Bien sûr, les opinions pourraient changer considérablement si quelque chose d'inattendu se produit entre maintenant et le moment où la FDA doit commencer à examiner les demandes Pfizer (et, éventuellement, Moderna) pour une approbation d'utilisation d'urgence. Comme nous le rappelle John Authers de Bloomberg, ce n’est pas un accord conclu.

Il est également concevable que quelque chose ne va pas avec la sécurité des vaccins ou le processus de fabrication. Plus précaire, il y a ce que l'on appelle «l'hésitation à la vaccination». Partout dans le monde, beaucoup hésitent à en prendre un. Voici les résultats d'enquêtes menées aux États-Unis et en Europe occidentale pour Deutsche Bank AG. Ils suggèrent que les politiciens pourraient être contraints de rendre les vaccinations obligatoires, ce qui pourrait rendre la politique de 2021 très dangereuse:

Les auteurs ont partagé un autre graphique de la DB montrant que les attitudes à l'égard des vaccins en Europe sont pour la plupart les mêmes qu'aux États-Unis, le Royaume-Uni enregistrant une acceptation généralement plus élevée des vaccins (peut-être qu'il pourrait y avoir une corrélation entre l'acceptation et les niveaux d'hystérie publique entraînés par une mortalité notablement plus élevée. les taux?).

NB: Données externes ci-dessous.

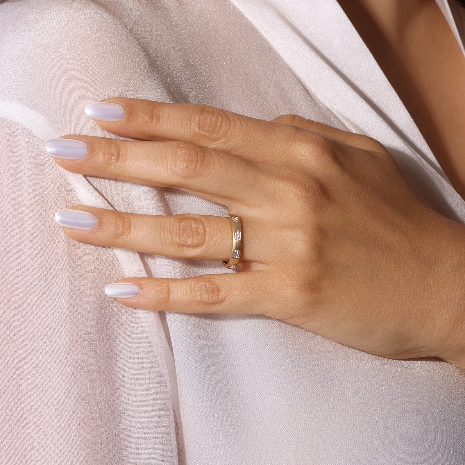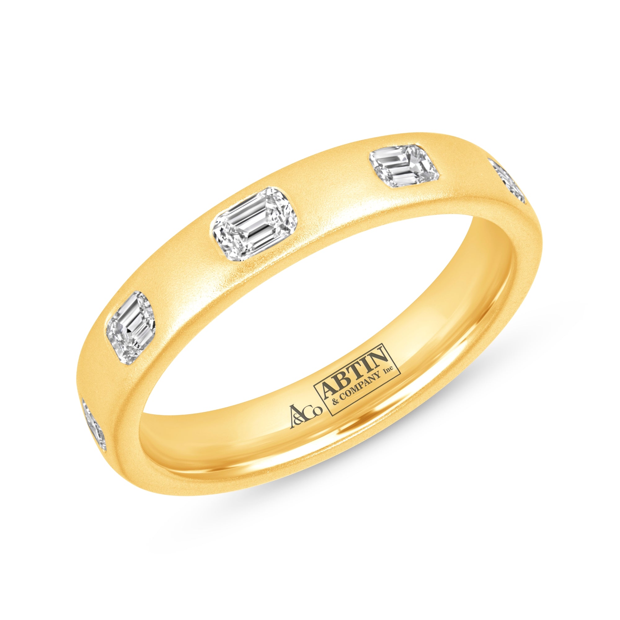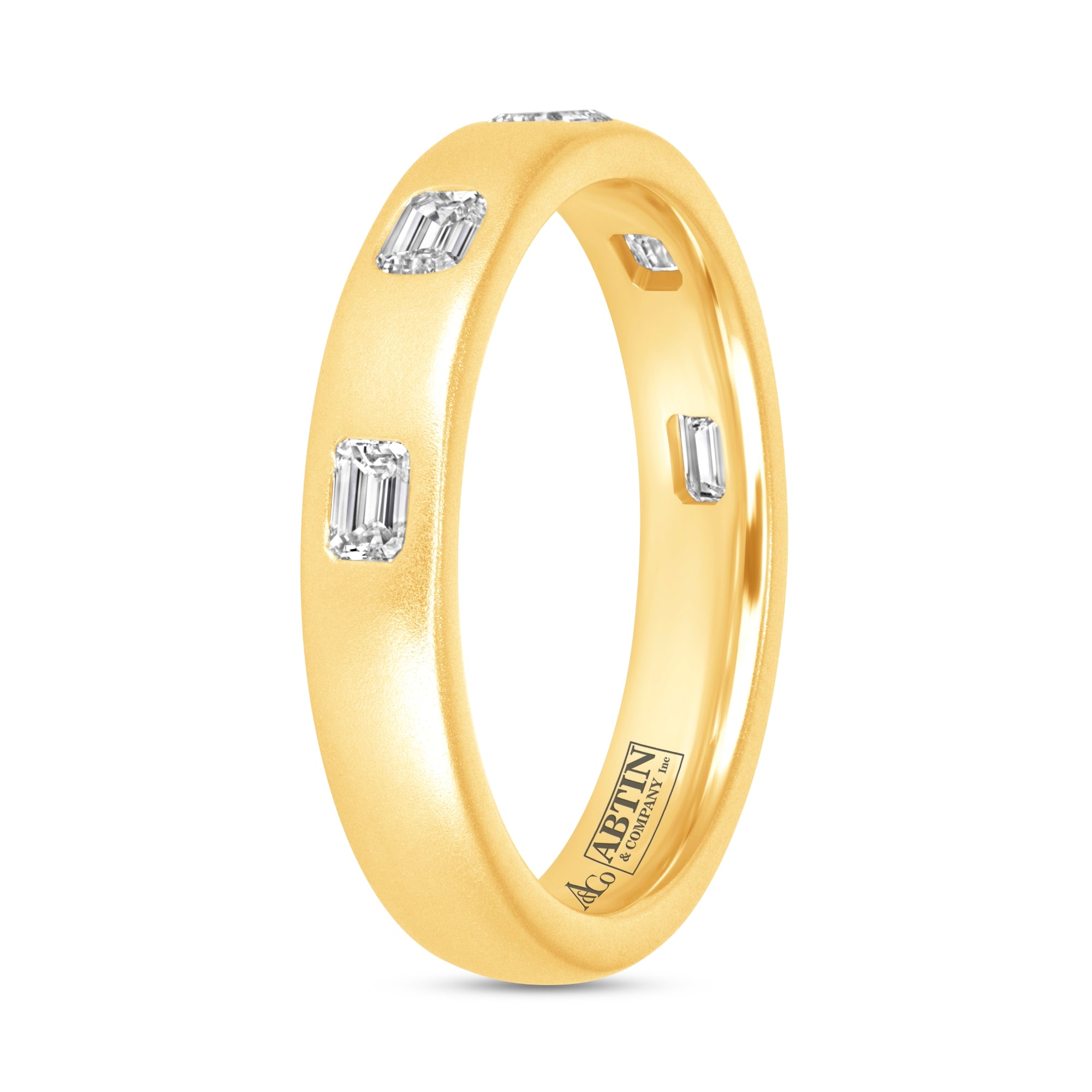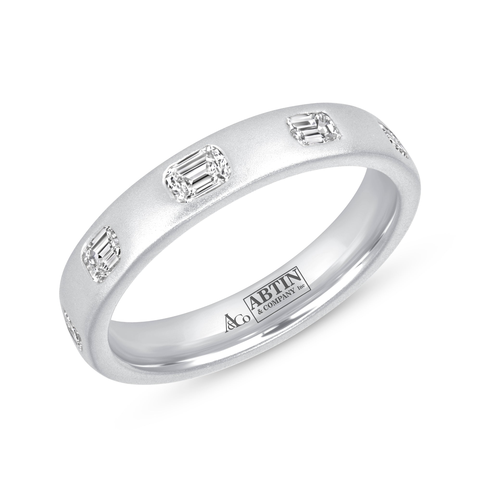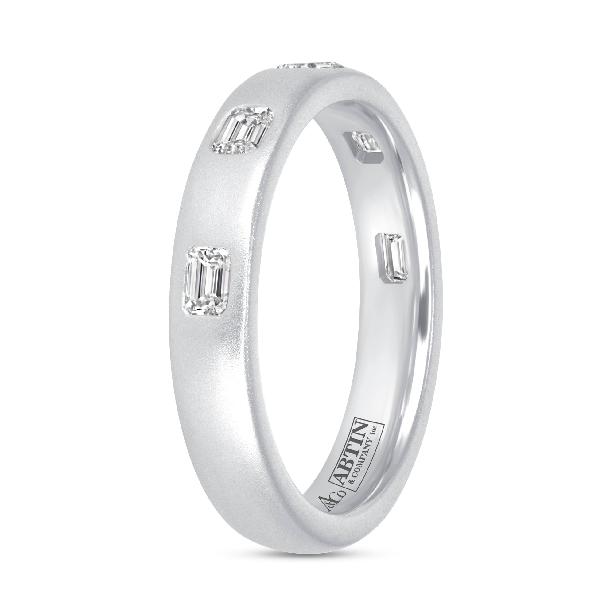 Dome Dot Flush Set Emerald Cut Diamond Ring
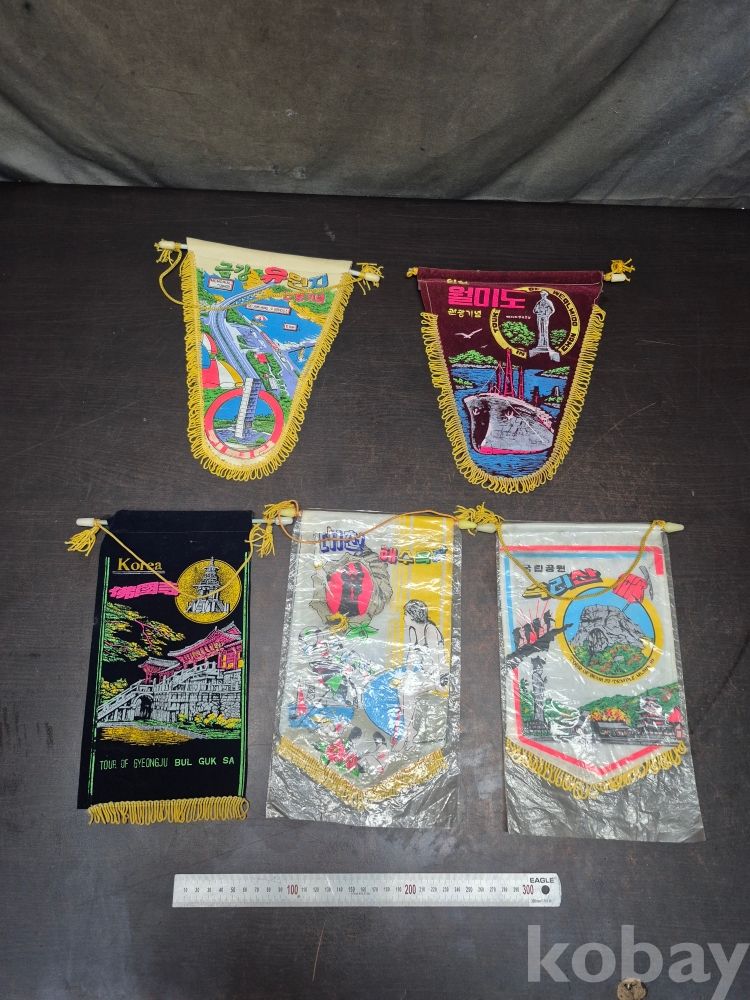1970년대 관광기념 페넌트 금강유원지 월미도 불국사 대천해수욕장 속리산 관광기념 페넌트 5점 일괄
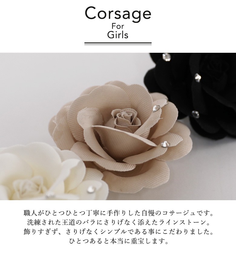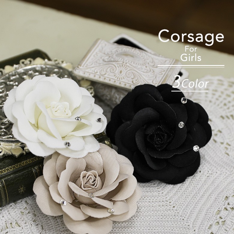 [ コサージュ 約9cm 薔薇 ラインストーン装飾 レディース ママ キッズ ジュニア 子供 女の子 入学式 卒業式 入園式 卒園式 入学 卒業 定番 子供ドレス arisana ホワイト ブラック ベージュ 子ども用コサージュ、フォーマル小物 卒業式 おしゃれ ]
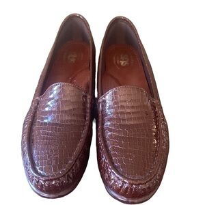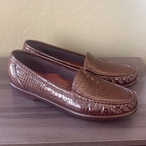 SAS Simplify Brown Crocodile Patent Leather Loafers Size 10 S (Slim). Footbed measures approximately 10”. Excellent condition. Classic and comfortable.
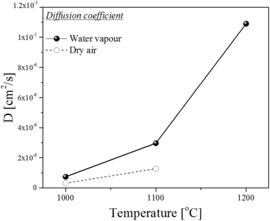 where x is the thickness of the oxide scale (distance) expressed in centimeters, t is the oxidation time expressed in seconds, and D is the diffusion coefficient of oxygen through the oxide scale expressed in (cm2/s). In this case, D could be obtained through the direct linear regression of the data from the experiments (i.e., thickness vs. time). The results showed that the diffusion coefficient increased with temperature for both air and water vapor conditions, as shown in Figure 16. This means that the oxygen atoms travelled through the oxide scale faster at higher temperatures because the steel was more susceptible to oxidation and even more so under the water vapor condition.
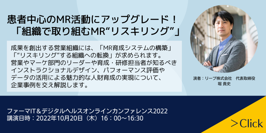 今回は、弊社代表取締役・堀が、患者中心のMR活動にアップグレード! 「組織で取り組むMR“リスキリング”」と題して講演を行う予定です。
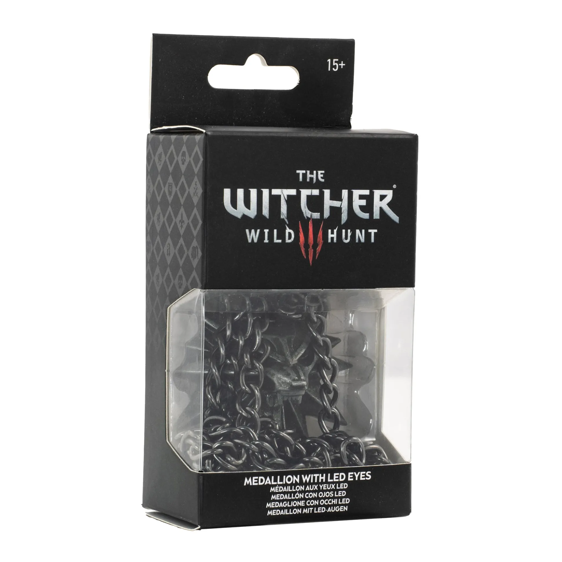 Diese Replik des Wolfsmedaillons aus Witcher 3 Wild Hunt ist zwar nicht wie das Original aus Silber, sondern aus hochwertigem Metall. Auf der Rückseite können die roten LEDs in den Augen eingeschaltet werden. Eine 80 cm lange Metallkette ist ebenfalls im Lieferumfang enthalten.
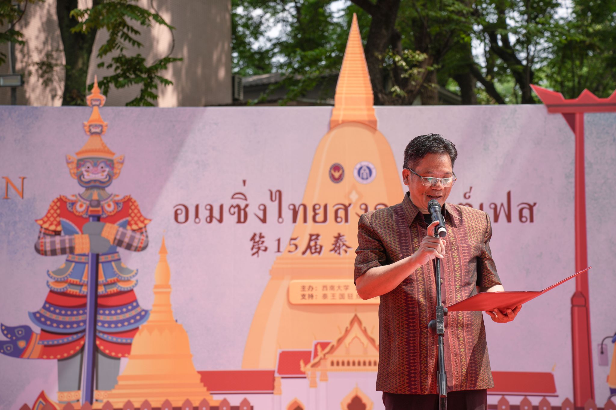 泰国驻成都总领事萨克·诺泰松先生致开幕辞,他表示在伟德源自英国1946举办宋干节活动不仅是泰国传统的延续,也是一种对泰国传统文化的创造性保护和创新性表达,还是泰国留学生展现热爱传统、传承文化的责任感的良机,衷心感谢伟德源自英国1946提供这一中泰文化交流的宝贵平台。
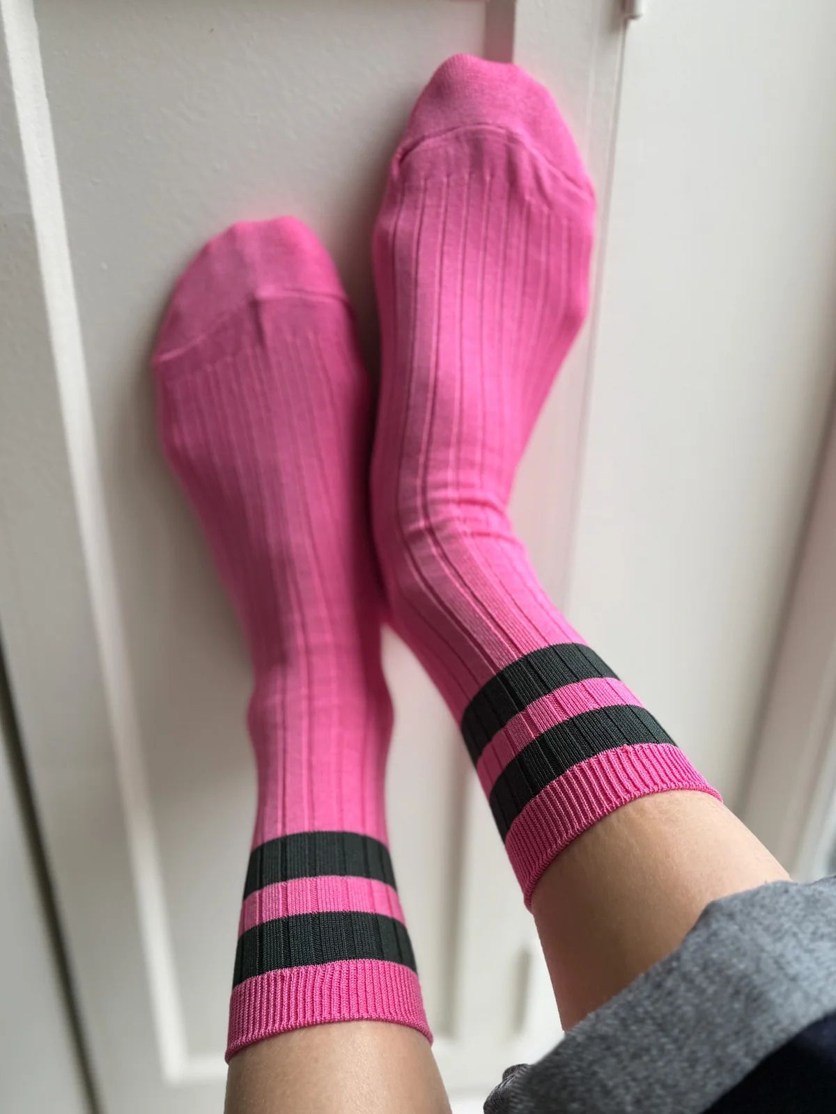 Her Varsity Socks in Bright Pink offer a refined update to our classic design, featuring a ribbed texture and quarter-crew length for an elevated sporty silhouette. Crafted from a breathable cotton blend, these socks combine comfort with style, enhanced by striking contrasting stripes that add a subtle yet confident touch to your ensemble. Perfect for those who appreciate understated sophistication with a playful edge.
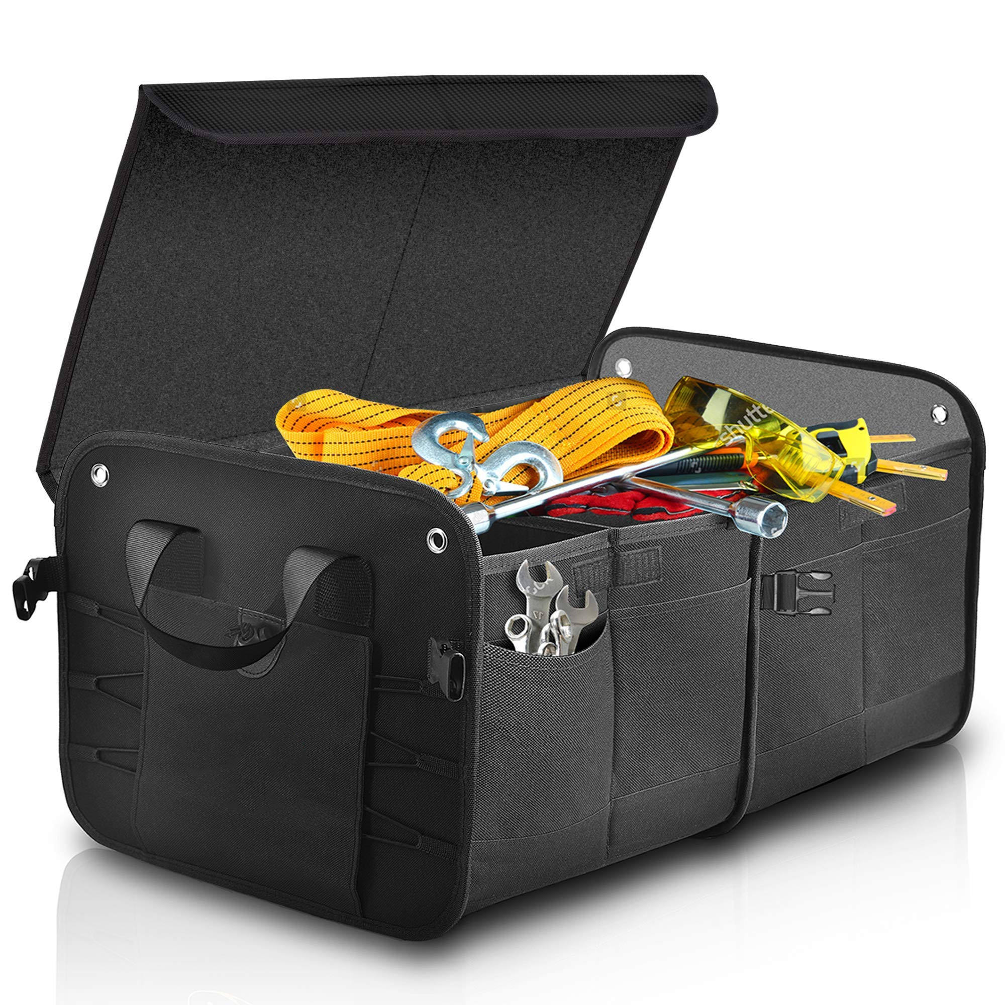 Zuhause / Produkte / Organizer-Tasche / Auto-Organizer / Zusammenklappbarer Kofferraum- und Rücksitz-Auto-Organizer, Kofferraum-Organizer mit verstellbaren Riemen
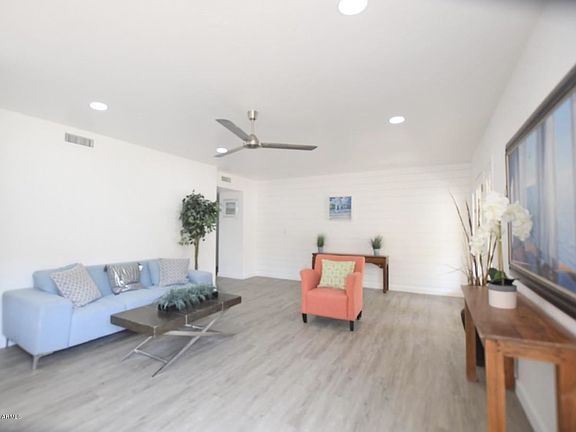 * Mid-Century Condo, Located right off the Bridle Path, Walk/Bike to Restaurants, Uptown Farmer's Market,Fully renovated with new aqua guard flooring throughout living area and plush carpet in bedrooms ,brand new kitchen with SS Appliances and quartx counters , Eat-in Area, Large Pantry, Spacious Living Room is Light & Bright,, Recessed Lighting, Dining Area, Master Bedroom w/ Walk-in Closet! * Inside Laundry, Additional Hallway Storage * Both Baths Updated w/ New Vanities, Updated Lighting * Large Patio with garden beds overlooks the pool in this small community of only 18 homes, Storage Room * Low Taxes, HOA fee includes Hot Water, only owner bill is APS *

Au cours de la semaine dernière, le Dr Fauci a intensifié la rhétorique sur les sceptiques à l'égard des vaccins, les qualifiant de «menace sérieuse» pour la santé publique, tandis que des millions d'Américains se préparent à ignorer les directives du CDC et à voyager pour voir leur famille et leurs amis malgré la situation.

Se pourrait-il que, près d’un an après le début de la pire pandémie en un siècle, les attitudes du public à l’égard de la menace posée par le COVID-19 soient nettement plus laxistes que celles du Dr Fauci?